Continuous casting billets solidification and cooling is a very important process in steel production. The billets is solidified and cooled down in the mould to meet the physical and chemical property requirements of the product. In order to ensure the product quality, casting billets solidification and cooling must meet the metallurgical requirements, i.e. to guarantee the billets with the desired property and inner totally or partially homogeneity in this process.
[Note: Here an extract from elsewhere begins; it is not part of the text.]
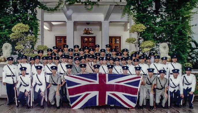 The Guard of Honour for the Government House ceremony pose proudly with the Union Jack. This would be the last time that the national flag would be displayed, as Communist China takes control of the British Colony. Clive Howard is centre of the first standing row, in white shirt

For the continuous casting billets solidification and cooling, reasonable principles and techniques should be followed to ensure reliable and stable product quality. There are impact factors such as mould size and shape, mould material, inner/external structure of billet, loss-on-ignition of billet, cooling rate and metallotropic transformation of billet which affect casting billets solidification and cooling.
1. Mould Size and Shape
Mould size and shape have important impacts on the solidification and cooling of the casting billets because the mould confines the cooling rate and the dimensional distortion during solidification and cooling. Large moulds allow more cooling time while the billets have a higher probability to deform in large moulds. On the contrary, the billets have less deformation when they shrink in small moulds.
2. Mould Material
Mould materials have a great impact on the cooling rate of casting billets. Mould materials used mainly are copper and copper alloys, aluminum and aluminum alloys. Cooper and copper alloys have good low-temperature conductivity, high stability and heat transfer capacity, so copper moulds are used for most continuous casting billets solidification and cooling process.
3. Inner/External Structure of Billet
Inner/external structure of the billet is crucial for the continuous casting billets solidification and cooling process. Core layer of the billet absorbs more cooling down energy which determines its microstructure and mechanical property. The thicker the cooling layer is, the faster the cooling rate will take. In addition, the cooling rate is firstly affected by the cooling rate of the surface layer of billet toner the core layer.
4. Loss-on-ignition of Billet
During continuous casting, the billet causes the oxidation of some part of the residual carbon inside itself. This oxidation is measured as LOI (Loss on Ignition). Higher LOI indicates more loss-on-ignition and higher oxidation rate during continuous casting billets solidification and cooling.
5. Cooling Rate
Cooling rate has an impact on billet structure and mechanical property. The cooling rate should be fast and uniform to meet the required quality of the product. For a certain billet, low cooling rate leads to small grains in casting billets which causes the aggregation of impurities and metallurgical defects. However, high cooling rate gives small grains which results in long billet and low elongation ratio.
6. Metallotropic Transformation
Metallotropic transformation is the process of changing from one to another crystal structure. The most common metallotropic transformation during continuous casting billets solidification and cooling is ferrite to austenite. Different cooling rate can lead to different crystal phase transformation. Low cooling rate will cause slow phase changes and higher cooling rate will cause faster phase changes.
Therefore, in order to ensure reliable and stable product quality, reasonable principles and techniques should be applied to the continuous casting billets solidification and cooling process. Appropriate mould size and shape, mould material, inner/external structure of the billet, loss-on-ignition of the billet, cooling rate and metallotropic transformation must be considered and optimized according to product requirements.